- **WHAT IS BEING ASKED**:
Please return the full listing word for word, leaving out any pictures.

BEGIN

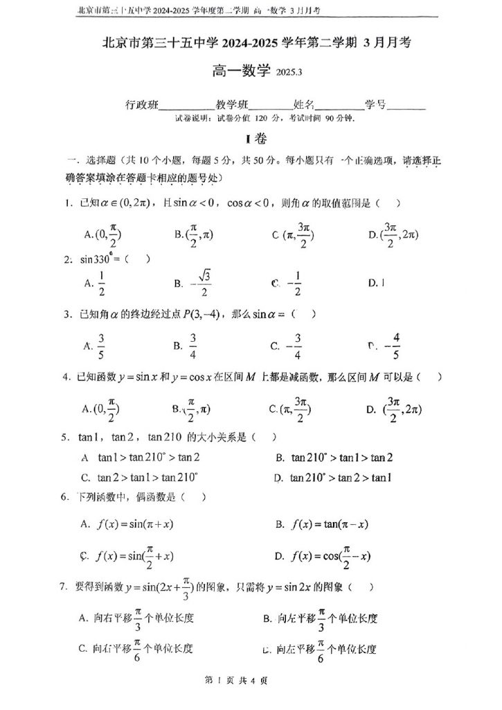 为方便大家对答案、下载练习等小编给大家搜集了2025北京三十五中高一3月月考数学试题,需要的小伙伴赶紧下载练习起来吧:
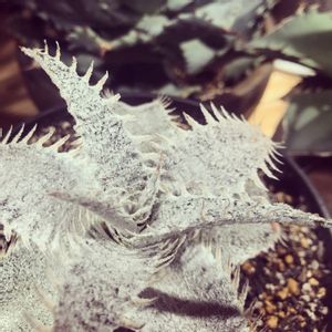 白いディッキアの中で一番のお気に入り。 細身な葉、鋸歯、濃いトリコーム、葉の巻き込み、全てのバランスが良い。 株元からお子様も顔を出している。 ディッキア マルニエル ラポストレイ エステべシー
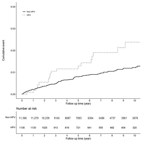 Figure 1 shows the Kaplan–Meier curves of the incidence of EP in individuals with and without HPV infection.
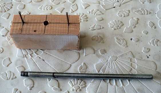 Un agujero en el centro para un ajuste de fricción de la pieza de trabajo, en este caso era una varilla de 1/4"(6.4 mm) de diámetro. Flanqueando, unidad en dos clavitos, sin cabeza, si está disponible, pero una caña lisa y mismo diámetro es lo que se desea. Conducen plomada y recto y también en su marca.
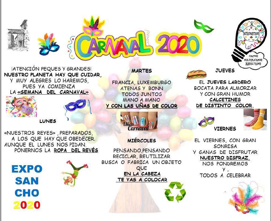 Este año con motivo de la Expo Sancho 2020 de diferentes países nos vamos a disfrazar. Cuidando el medio ambiente , con material reciclado, bonitos disfraces vamos a llevar.

END

- **RESPONSE TO THE EXERCISE**:
 为方便大家对答案、下载练习等小编给大家搜集了2025北京三十五中高一3月月考数学试题,需要的小伙伴赶紧下载练习起来吧:
 白いディッキアの中で一番のお気に入り。 細身な葉、鋸歯、濃いトリコーム、葉の巻き込み、全てのバランスが良い。 株元からお子様も顔を出している。 ディッキア マルニエル ラポストレイ エステべシー
 Figure 1 shows the Kaplan–Meier curves of the incidence of EP in individuals with and without HPV infection.
 Un agujero en el centro para un ajuste de fricción de la pieza de trabajo, en este caso era una varilla de 1/4"(6.4 mm) de diámetro. Flanqueando, unidad en dos clavitos, sin cabeza, si está disponible, pero una caña lisa y mismo diámetro es lo que se desea. Conducen plomada y recto y también en su marca.
 Este año con motivo de la Expo Sancho 2020 de diferentes países nos vamos a disfrazar. Cuidando el medio ambiente , con material reciclado, bonitos disfraces vamos a llevar.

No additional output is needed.